5 months ago I was battling Johannesburg traffic and peddling my dubious skills by the hour for my global master, all work subject to rigorous review. Now, gone is the timekeeping and traffic but I remain under the thumb of a hard task master - all manner of skills being drawn on - a one man, most of the company buck stops at me kind of role. Hiring, retrenching, buying, selling, bargaining, budgeting and unpacking the level of risk that my messy forefathers in this organization left for me. Scorpions under every rock that I dare upend and a flood of cash flowing through a hole somewhere that I have to find before I can plug.

My previous post refers: do I really have any choice at this? Am I predetermined to slave away at my desk, delicately squeezing in what little leisure and family time I can afford to. Could I really tell my boss to bugger off, I'll finish the budget when I have the time. No, hell no. I have no choice. To blog or not blog? I have no choice. I do it when I can. I can only do it when my brain lines up the signals in the right way and lets me do it. A mere treadmill, but one worth deceiving oneself that we have a choice whether to make the most of it or not.

And this children's book furore is a whole lot of balls.

"Scrotum sounded to Lucky like something green that comes up when you have the flu and cough too much," the book continues. "It sounded medical and secret, but also important."
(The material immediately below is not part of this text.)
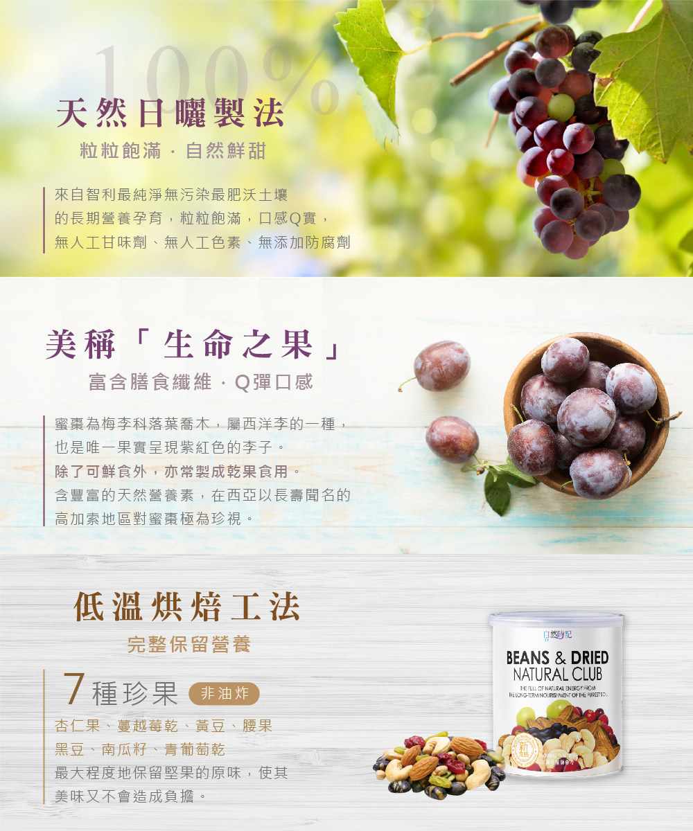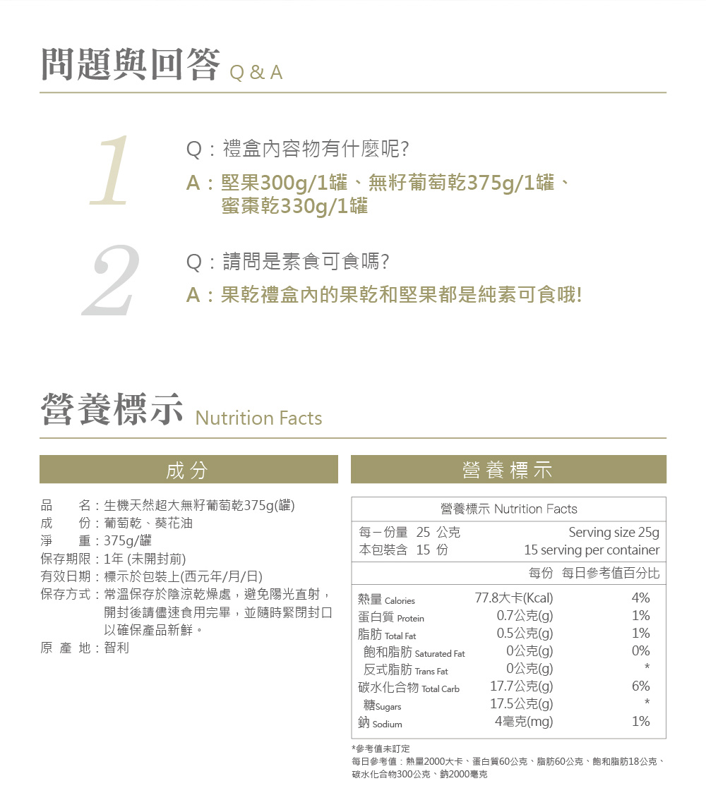 產品資訊全素│產地:無籽葡萄乾:智利、生機蜜棗乾:智利、生機綜合堅果:台灣

"The word is just so delicious," Ms. Patron said. "The sound of the word to Lucky is so evocative. It's one of those words that's so interesting because of the sound of the
word."

No promises (I have no choice, remember) but hope to back a bit more regularly from here on in.

* check out the bald memorabilia on eBay. Many quick to the bandwagon offering shaved dolls - It's a hoot.

+ as an even more circuitous aside - I arrived at unfogged via the unablogger (who has sadly slowed up his cheesecake delivery to an erratic trickle). Strange being, this internet thing.